What the exercise asks:
Starting at the line that has "larger control effort." and stopping after the line that has "Cardigan Floral casual.", reproduce the listing below exactly; omit everything else.
══ Data provided ══
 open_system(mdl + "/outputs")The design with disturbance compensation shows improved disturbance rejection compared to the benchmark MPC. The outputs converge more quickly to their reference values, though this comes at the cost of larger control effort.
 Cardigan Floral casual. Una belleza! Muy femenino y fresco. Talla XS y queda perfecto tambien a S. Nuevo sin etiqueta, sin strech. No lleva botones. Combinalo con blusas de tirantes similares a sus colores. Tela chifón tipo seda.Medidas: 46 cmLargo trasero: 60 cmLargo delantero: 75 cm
═══
══ Data provided ══
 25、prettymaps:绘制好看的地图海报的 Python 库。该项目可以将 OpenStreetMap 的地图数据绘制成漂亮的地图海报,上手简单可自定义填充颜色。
═══
Completed task:
 open_system(mdl + "/outputs")The design with disturbance compensation shows improved disturbance rejection compared to the benchmark MPC. The outputs converge more quickly to their reference values, though this comes at the cost of larger control effort.
 Cardigan Floral casual. Una belleza! Muy femenino y fresco. Talla XS y queda perfecto tambien a S. Nuevo sin etiqueta, sin strech. No lleva botones. Combinalo con blusas de tirantes similares a sus colores. Tela chifón tipo seda.Medidas: 46 cmLargo trasero: 60 cmLargo delantero: 75 cm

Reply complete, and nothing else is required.